Saint Petersburg is one of the most creative cities in Russia; the former capital just hosted the 2018 Sand Sculpture Festival (English version of their website), and it…was…amazing!
This year’s theme was “World Wonders (Masterpieces)”, and it took place right beside the historic Saints Peter and Paul Fortress, the burial site of Russian Czars after the 1700s. Check out their 2018 short ad:
Great masterpieces of human history from Egyptian wonders, to Russian dreams were recreated in brilliant sand sculptures, and here are some of the best photos, like the marvelous Last Supper pictured above.
Brought to you by Peter the Great
Next up, we really should feature the founder of Saint Petersburg, and therefore the man who made it all possible, Emperor Peter the Great.
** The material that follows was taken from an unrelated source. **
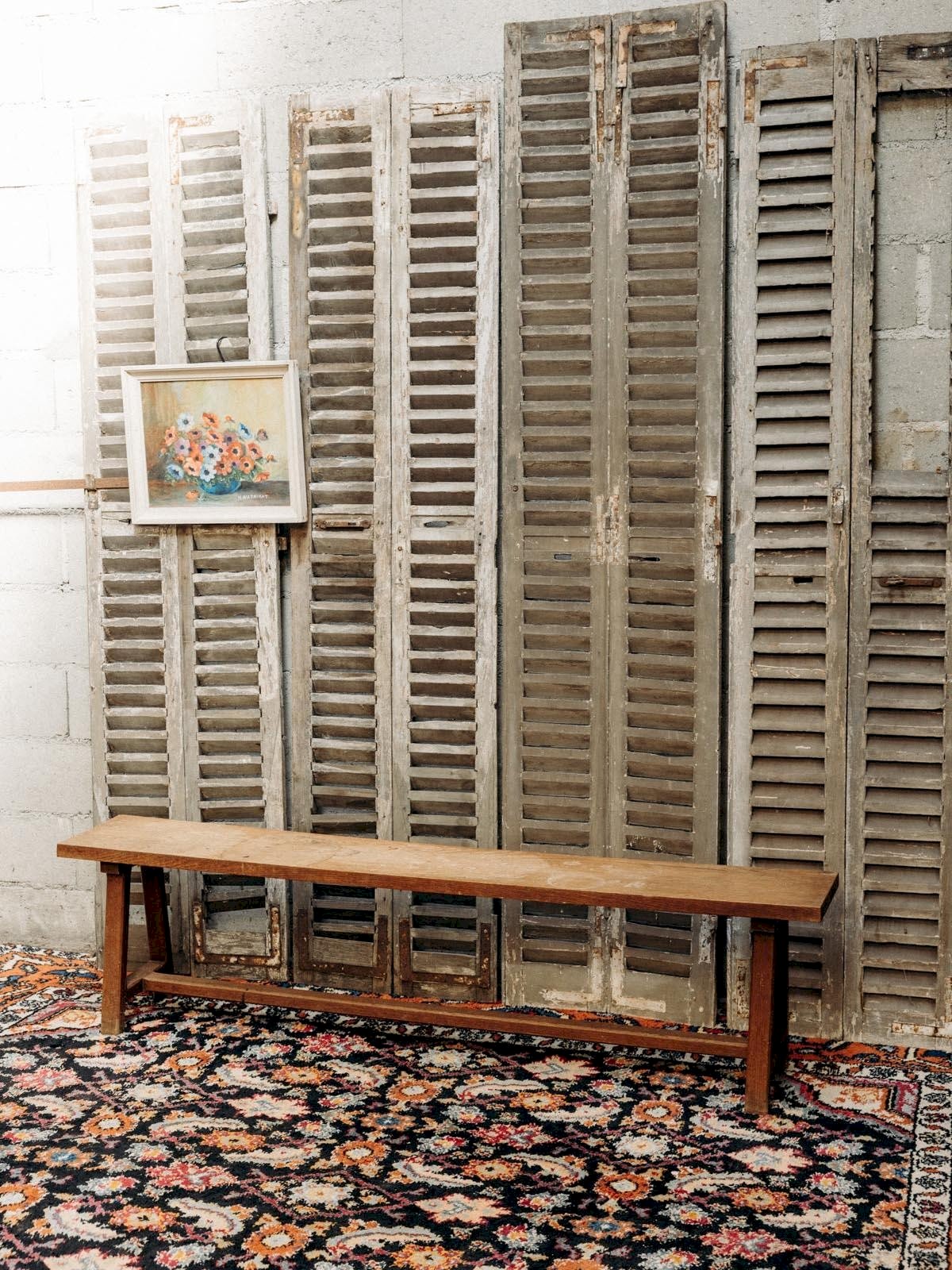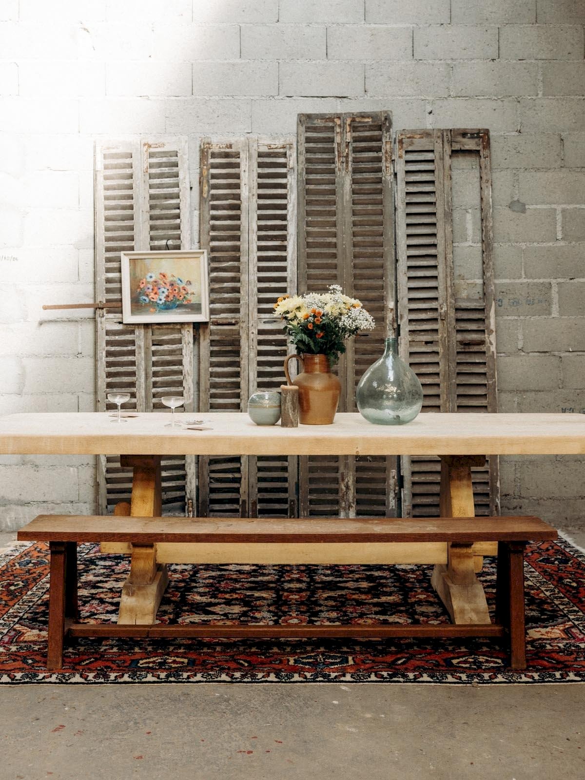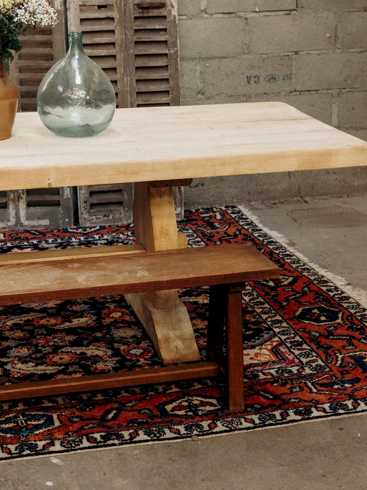 Add a touch of authenticity to your interior with this refined wooden bench. Featuring two intricately designed legs, this piece showcases signs of wear that speak to its history while retaining a timeless charm. Its dark hue and straight edges blend perfectly with various decorative styles, giving your space a warm and elegant appearance. An ideal choice for creating a cozy corner in your living room or hallway. Length: 180 cm Width: 29 cm Height: 46 cm Condition: Used: An item that has been used. Item showing some signs of superficial wear, fully operational and functioning correctly. It may be a demonstration model or an item returned to the store after a short period of use. any possible imperfections. Color: Multicolor Height: Wood Width: Benches Brand: Debongout Type: Vintage product Material: Wood Style: Country

His Imperial Majesty is looking very lively, and wearing his iconic gorget. He fits in nicely with this princess.
Great Russians weren’t the only legends featured. The Saint Petersburg festival turns back the sands of time to the earliest periods in human history, featuring some of the oldest rulers.
These Egyptian statues truly look like they could have come out of the Egyptian desert. Had the walls of the Peter and Paul Fortress not been directly behind them, I would have believed this WAS Egypt.
A Pyramid from the New World
A Northern Russian Temple
This church seems to resemble/represent the Transfiguration Monastery on Kizhi island. Much like this sand sculpture, believe it or not, the original wooden church was built without a single nail, a masterpiece of Northern Russian architecture.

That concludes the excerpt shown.